Within the entries below, please return exactly the lines from the one with "The fan has" through the one with "al retro: sulla", leaving out any pictures.
*** DATA SECTION ***
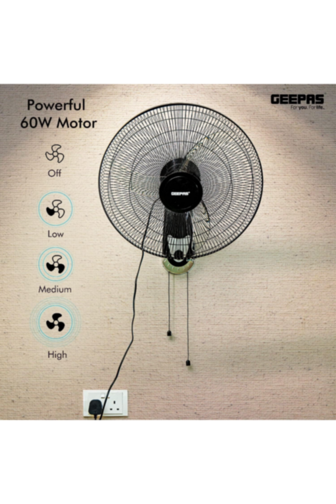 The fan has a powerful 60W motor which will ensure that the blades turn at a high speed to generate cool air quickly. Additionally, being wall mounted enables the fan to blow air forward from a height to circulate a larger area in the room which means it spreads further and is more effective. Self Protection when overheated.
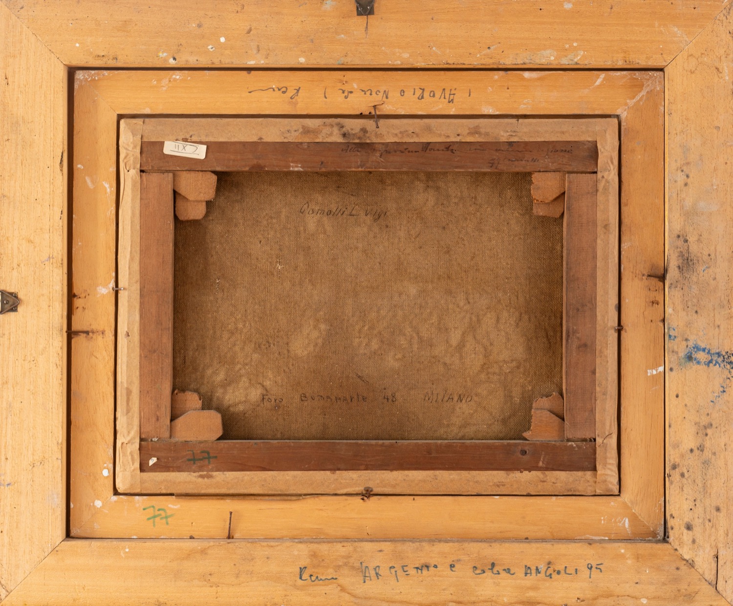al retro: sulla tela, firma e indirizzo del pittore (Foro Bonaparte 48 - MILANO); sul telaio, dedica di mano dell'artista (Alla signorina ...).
*** End of DATA SECTION ***
*** DATA SECTION ***
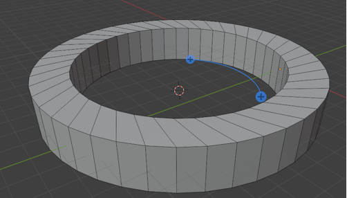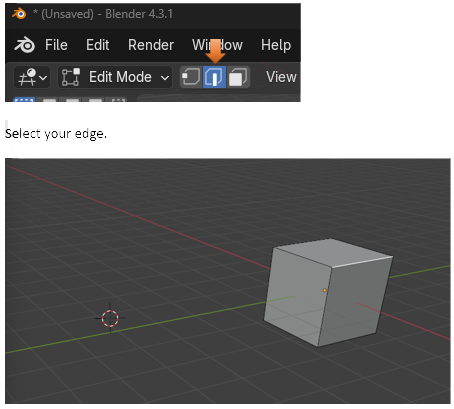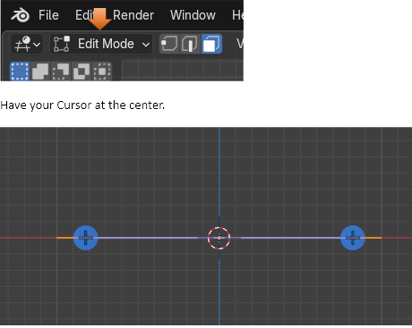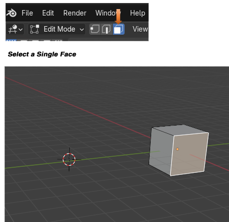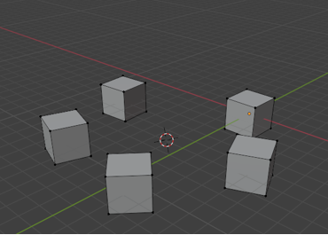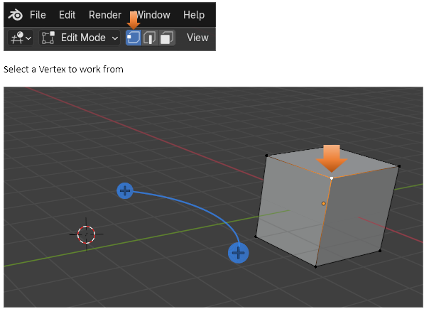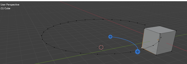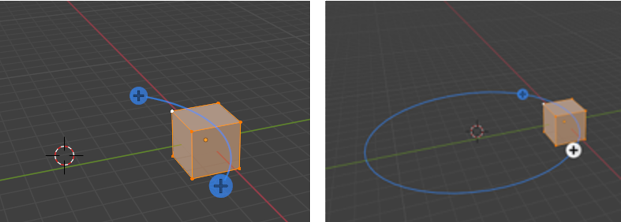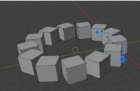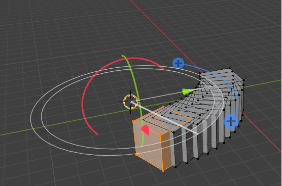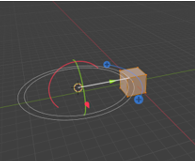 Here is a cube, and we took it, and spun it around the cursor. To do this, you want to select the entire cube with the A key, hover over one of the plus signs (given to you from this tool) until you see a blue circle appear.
*** End of DATA SECTION ***
= EXERCISE OUTPUT =
 The fan has a powerful 60W motor which will ensure that the blades turn at a high speed to generate cool air quickly. Additionally, being wall mounted enables the fan to blow air forward from a height to circulate a larger area in the room which means it spreads further and is more effective. Self Protection when overheated.
al retro: sulla tela, firma e indirizzo del pittore (Foro Bonaparte 48 - MILANO); sul telaio, dedica di mano dell'artista (Alla signorina ...).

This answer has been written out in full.